Mouvement sécessionniste. “Odeshi” et tramadol, pour vaincre la peur de tuer

Un rapport spécial des  Réseaux d’information régionaux intégrés (IRIN) publié le 2 août 2018, décrit comment les amulettes et des drogues inhibent tout sentiment de peur chez les sécessionnistes.

Anaïs FOUMANE

«Certains combattants utilisent des drogues qui les motivent à aller sur le terrain ; ainsi, ils n’ont plus aucune crainte en eux» : la déclaration est d’un chef de guerre sécessionniste qui a requis l’anonymat tel que le précise le rapport spécial publié ce 2 août par IRIN, un réseau d’informations. Le recours aux drogues est en effet une pratique courante au sein des milices sécessionnistes qui pullulent dans les régions du Nord-ouest et du Sud-ouest. Un moyen de motiver ces jeunes parfois à peine  sortis de l’enfance et qui ne saisissent pas vraiment le bien-fondé de la lutte  qu’ils mènent. La consommation des drogues est pourtant proscrite par Cho Ayaba, un responsable de l’ambazonian defence forces, ADF. Conscient de l’effet hallucinogène et nocif des drogues, il ne voudrait surtout pas que ses soldats entachent l’image de son “armée” par des crimes commis sous l’influence de la drogue. Malheureusement comme le fait remarquer le chef de guerre cité plus haut, le commandant Ayaba est loin, il est en Europe, et ne maîtrise pas la réalité du terrain.  Un terrain où il faut à tous les prix imposer sa présence et sa loi. Le challenge est souvent plus ardu et macabre que les “informations” vicieusement distillées par les activistes de la toile pour contenter une horde de “suiveurs”. Sur le terrain, il faut se soumettre à l’ordre républicain ou risquer sa liberté, et parfois sa vie. Sur le terrain, il faut souvent décapiter, amputer, violer, tous ceux qui se réclament d’un courant fédéraliste ou unioniste, les Black legs. Ce sont ces réalités inconnues du “commandant” Cho Ayaba, qui rythment le quotidien des combattants et qui imposent la consommation de drogue entre autre outils de combat.

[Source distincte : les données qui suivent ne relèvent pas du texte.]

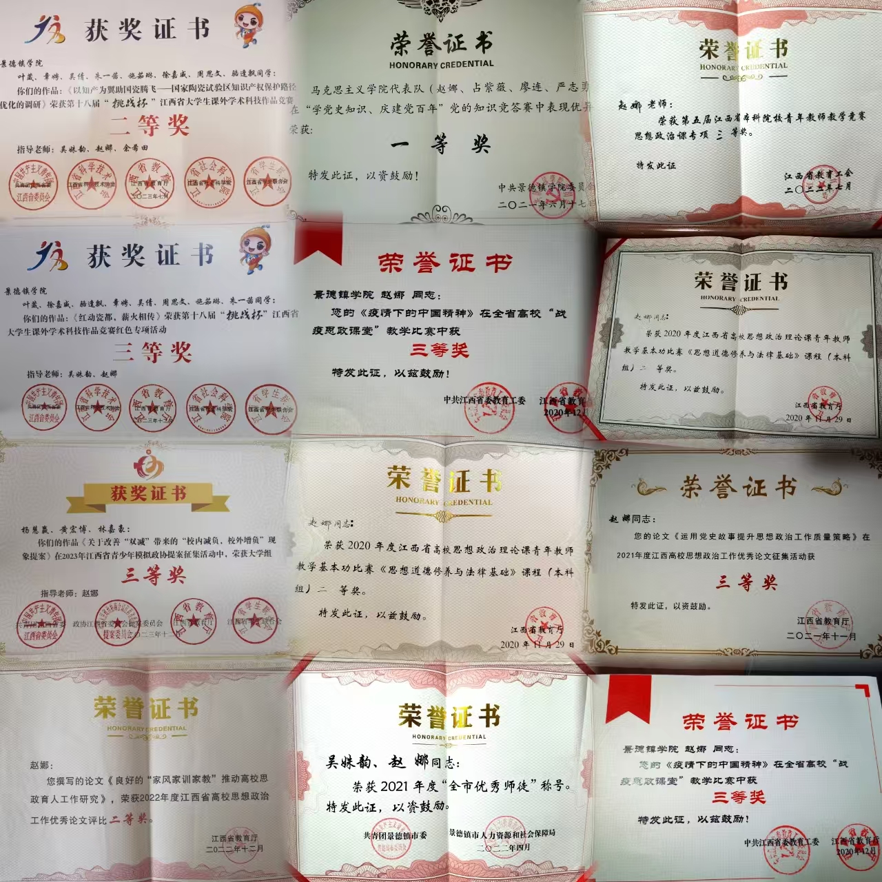 如果说德为师之魂,那么才就是师之本。作为一名思政教师,赵娜时刻注意自己的言行举止,使自己在思想、学习、劳动、生活等多方面做学生的表率,给学生树立一个好的榜样。在教书育人的过程中,始终坚持以学生为主体,发挥着主导作用。在做好本职工作之外,赵娜也积极参加各项竞赛活动:2024年荣获第六届江西省高校青年教师教学竞赛思政组一等奖后晋级全国赛,在第七届全国高校青年教师教学竞赛中荣获思想政治专项组二等奖;2022年荣获第五届江西省本科院校青年教师教学竞赛三等奖;2022年荣获景德镇学院青年教师教学竞赛思政组一等奖;2020年荣获江西省高校“战‘疫’思政课堂”教学比赛三等奖并登入“学习强国”学习平台,点击量位于前列;2020年荣获江西省高校思想政治理论课青年教师教学基本功比赛本科组二等奖;景德镇学院2024年教学创新大赛二等奖;2021年度景德镇市“全市优秀师徒”荣誉称号;2021年荣获景德镇学院“党史知识竞赛”一等奖,荣获全市“学党史,感党恩”主题征文活动中论文类二等奖,荣获市社联举办的“学习习近平总书记‘七一’重要讲话理论征文活动中三等奖。在以赛促教的同时,也积极鼓励学生参加各类赛事活动:2023年指导学生作品《以知产为翼,助国瓷腾飞》荣获江西省第十八届挑战杯二等奖;2023年指导学生参加第十八届“挑战杯”红色专项活动“红色瓷都,薪火相传”作为江西省推选项目晋级参加全国交流展示,并荣获省级三等奖;2023年指导学生参加江西省青少年模拟政协提案荣获省级三等奖。教育教学成果初显,2024年获得景德镇市“优秀共产党员”称号,评为景德镇学院“四有好老师”;2023年获得景德学院“教书育人”“省级以上教师能力比赛获奖者”荣誉称号。除此之外,年度考核两次优秀,还荣获马院教工支部优秀党员、“师德师风”优秀人员的荣誉,为学生树立有信仰、有理想、有担当、有情怀的榜样。在教书育人工作之外,积极参加各项理论研究活动和撰写相关理论文章,2021年被聘为景德镇市社会科学界联合会特约研究员。

A côté de la drogue, les bandes armées sécessionnistes se livrent à des pratiques mystiques qui selon leur témoignage ont de nombreuses vertus. Lorsqu’ils prévoient un assaut, les combattants sécessionnistes se munissent d’armes, de colliers, de bracelets, des plumes d’oiseaux  et autres amulettes. Ces artifices permettent selon le chef de guerre, d’être invisible, de bloquer les balles d’un fusil, ou encore d’agiter les balles ennemies. Le rituel Odeshi fonctionne si certaines conditions sont remplies; la légitimité de la cause et un régime alimentaire qui exclut certains aliments. Malheureusement comme reconnait avec regret le chef de guerre, les combattants sont généralement indisciplinés et il est de plus en plus difficile de garder le contrôle sur les 1500 hommes qui constituent l’ADF. Plus de 6 groupes armés parallèles ont essaimé dans ces régions et entre les produits hallucinogènes et les amulettes odeshi, les sécessionnistes ne semblent plus avoir aucune limite dans leur folie meurtrière.